Epoxy and both surfaces need to be very rough. And clean, clean
clean. Use acetone to clean the oak. 
If possible a mechanical fastener as well, roll pin?

I have a boat stand that failed and I put the dowel inside the
PVC with epoxy.


----------



## woodnthings (Jan 24, 2009)

*Dimension clarification*

....... When in use, the wooden dowell will be in a horizontal position supported to a fixture from the side with the slip fitting. The 1" pipe will be hanging from the dowell with* 12' of length* below it. There is probably 20-30 lbs of weight that will be supported by the dowell. ....

Don't you mean *12"* length? 

I would drive wooden dowels into all the pipes myself. PCV is not very structural in shear or bending. All the forces occur at the joints, if I understand you explanation. PVC is strong in compression when loaded directly in shorter lengths. You can add some stiffness by plugging the PVC with wooden dowels. A diagram or photo will help with this. :thumbsup: bill


----------



## BHOFM (Oct 14, 2008)

woodnthings said:


> ....... When in use, the wooden dowell will be in a horizontal position supported to a fixture from the side with the slip fitting. The 1" pipe will be hanging from the dowell with* 12' of length* below it. There is probably 20-30 lbs of weight that will be supported by the dowell. ....
> 
> Don't you mean *12"* length?
> 
> I would drive wooden dowels into all the pipes myself. PCV is not very structural in shear or bending. All the forces occur at the joints, if I understand you explanation.
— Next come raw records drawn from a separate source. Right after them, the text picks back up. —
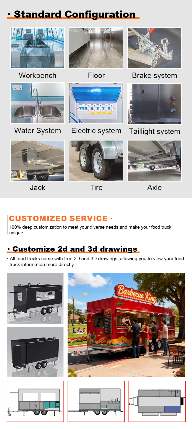 Als hoofdmateriaal hebben we gekozen voor hoogwaardig 304 roestvrij staal, dat bekend staat om zijn uitstekende corrosieweerstand en uitstekende duurzaamheid, en dat stabiele prestaties kan behouden in een verscheidenheid aan omgevingsomstandigheden, waardoor ervoor wordt gezorgd dat onze Food Catering Trailers-producten hun uitstekende kwaliteit en functionaliteit zelfs op de lange termijn kunnen behouden en met een verscheidenheid aan uitdagingen kunnen worden geconfronteerd. De uitstekende weerstand van roestvrij staal 304 tegen corrosie, zodat de truck niet gemakkelijk wordt aangetast door oxidatie of roest, wat de levensduur aanzienlijk verlengt. De uitstekende corrosieweerstand van 304 roestvrij staal maakt de Truck minder gevoelig voor oxidatie of roest, waardoor de levensduur aanzienlijk wordt verlengd.
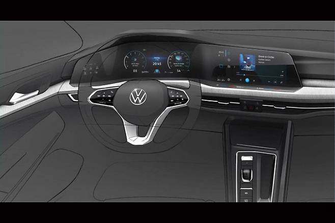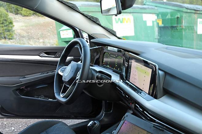 폭스바겐 8세대 골프의 실내가 처음 노출됐다. 올해 가을 선보일 8세대 골프 테스트카의 실내는 폭스바겐이 공개한 8세대 골프 실내 스케치와 일치하는 모습으로 그대로 양산될 가능성이 높다. 전자식 계기판과 동일한 높이에 대형 인포테인먼트 모니터가 위치한다.
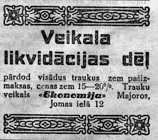 Līdz 1935. gadam ēkas adrese bija Jomas iela 12 un 1924. gadā te darbojās Bojarsky-Šleifera foto piederumu veikals, līdz 1931. gadam trauku veikals "Ekonomija", 1942. gadā frizētava.
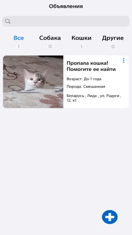 - Создавать посты о поиске или находке домашних питомцев
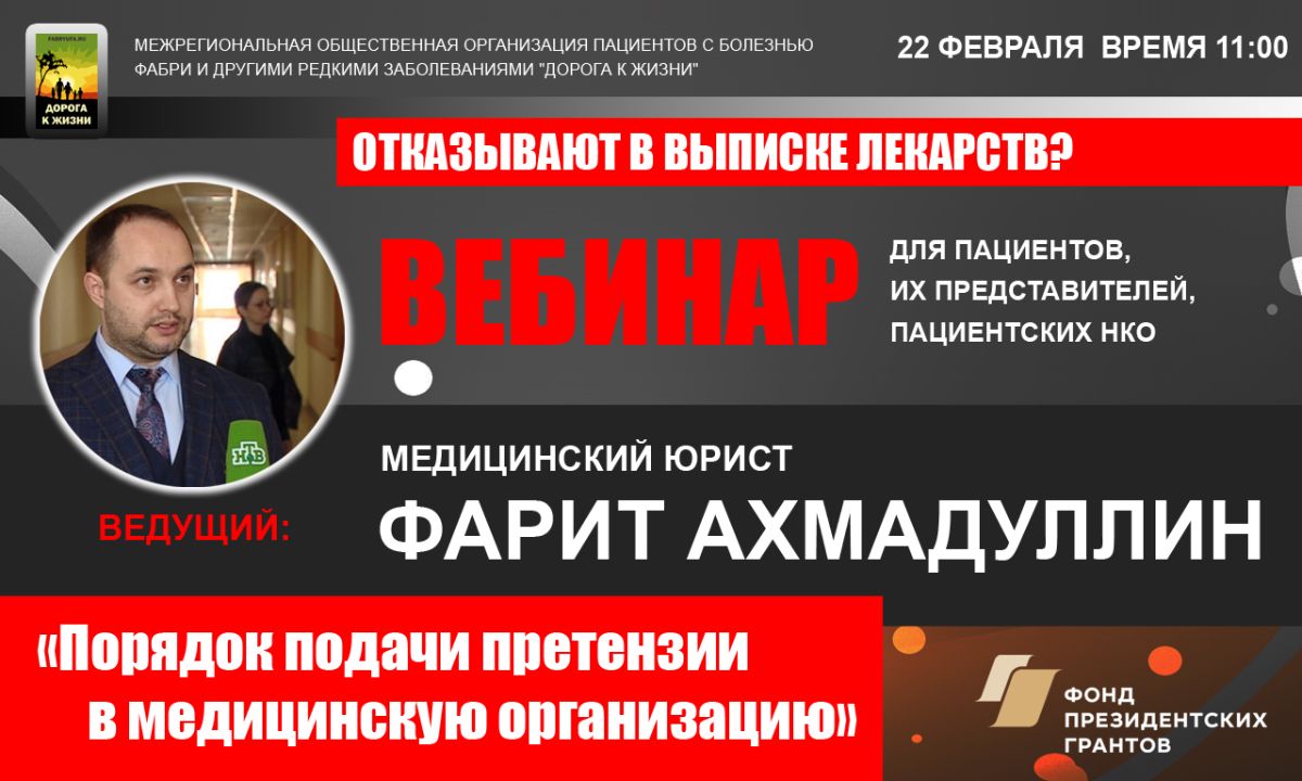 Межрегиональная общественная организация пациентов с болезнью фабри и другими редкими заболеваниями "Дорога к жизни" в реализации значимого проекта «Межрегиональный центр досудебного решения вопросов льготного лекарственного обеспечения» использует средства государственной поддержки, выделенные в качестве гранта в соответствии с распоряжением Президента РФ, предоставленные Фондом Президентских грантов.
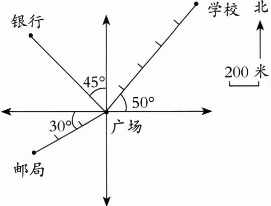 (2)邮局的位置在( )偏( )($30^\circ$)方向上,距离广场( )米处。
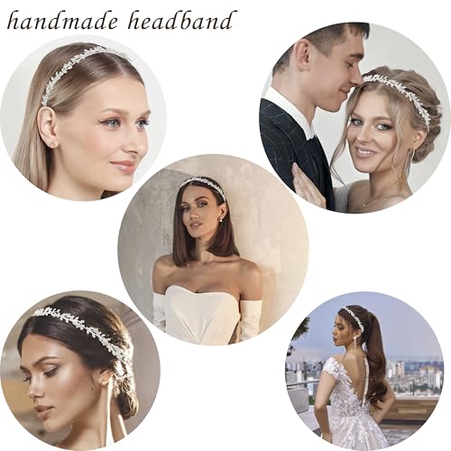 Wedding Headbands for Women Girls Bride Headband Bridal Headpieces Crystal Hair Band Silver Tiara Wedding Gifts Hair Accessories Elegant Fairy Rhinestone Handmade Leaves Flowers

PVC is strong in compression when loaded directly in shorter lengths. You can add some stiffness by plugging the PVC with wooden dowels. A diagram or photo will help with this. :thumbsup: bill


Great minds think alike!:laughing::laughing::laughing:

^^^^^^^^^^^^^^^^^^^^
^^^^^^^^^:boat:^^^^^^^^^
^^^^^^^^^^^^^^^^^^^^


----------



## jcaulley74 (Jan 19, 2010)

Here are some pictures of the device. I really meant "12 feet", as you should be able to see from the picture. In the close up, you should be able to see the smaller section of 1/2" pipe that is horizontal. That is the piece that failed.


----------



## Nate1778 (Mar 10, 2008)

I agree with others here, epoxy is the way to go. I have used it with PVC pipe to construct devices that accelerate Solanum tuberosum to very high velocities and the joints regularly go through momentarily 55-70psi without fail. Key is to rough up the PVC and then clean. 

If you have the capability it might be worth your time to make a wood donut to go into the larger pipe giving the dowel more to pivot on then the initial entry point.


----------